# Dogfish



## yodaddy (Mar 3, 2006)

Are dogfish sharks legal to keep any ? Any size or creel limits ? Thanks for any replies.


----------



## Drumdum (Jan 6, 2003)

Yes,no limit and if gutted quickly they can be good to eat.. Both spinies and smoothies..


----------



## RocknReds (Jun 13, 2010)

Skin the spineys like a toad and deep fry them in beer batter - not bad.


----------



## yodaddy (Mar 3, 2006)

Thanks fellas next time I'm off I know what I'm doing.


----------



## Islander80 (Mar 27, 2010)

I've only eaten smooth dogfish but they are one of the best fried fish I've ever had.
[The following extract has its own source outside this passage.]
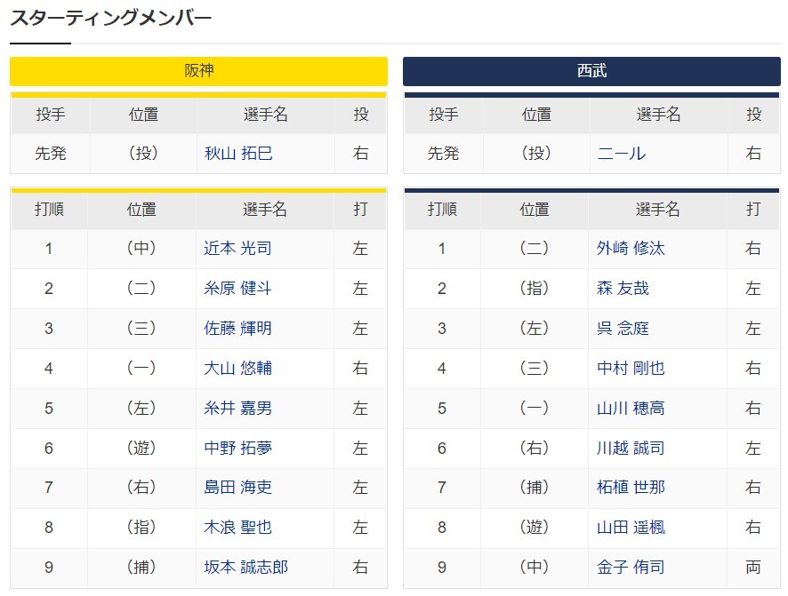 @hanshintigersjp スタメン全員日本人選手!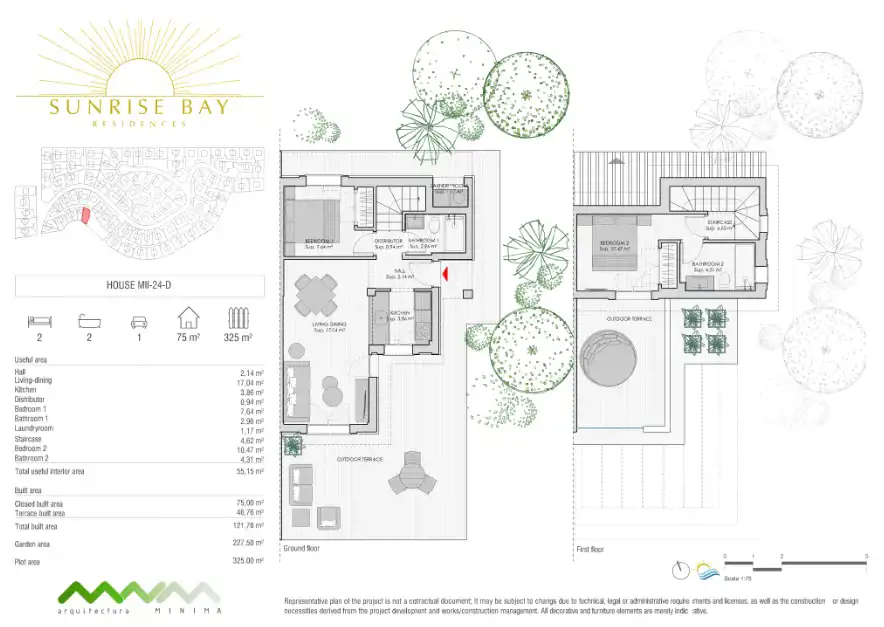 Sunrise Bay to zespół dwupiętrowych willi w zabudowie bliźniaczej z prywatnym ogrodem i garażem. Oferuje możliwość posiadania własnego prywatnego basenu.

I gut them and cut there tail off right away.


----------



## ncsharkman (Mar 12, 2011)

There is no size limit on dog fish or atlantic sharpnose but, unless there is a change there is a creel limit of 2 per angler per day.


----------



## speckhunter80 (Oct 3, 2011)

In NC there are no size or creel limits on dogfish: http://portal.ncdenr.org/c/document...1169848&folderId=4426632&name=DLFE-107708.pdf

Only one Atlantic Sharpnose and on Bonnethead per day in addition to any other legal sharks.


----------



## Aristokles (Mar 5, 2013)

Dogfish...the original fish in English Fish n' Chips before they were fished out over there and they switched to cod.


----------



## dirtyhandslopez (Nov 17, 2006)

Believe you may have that backwards Aristotle.


----------



## Drumdum (Jan 6, 2003)

dirtyhandslopez said:


> Believe you may have that backwards Aristotle.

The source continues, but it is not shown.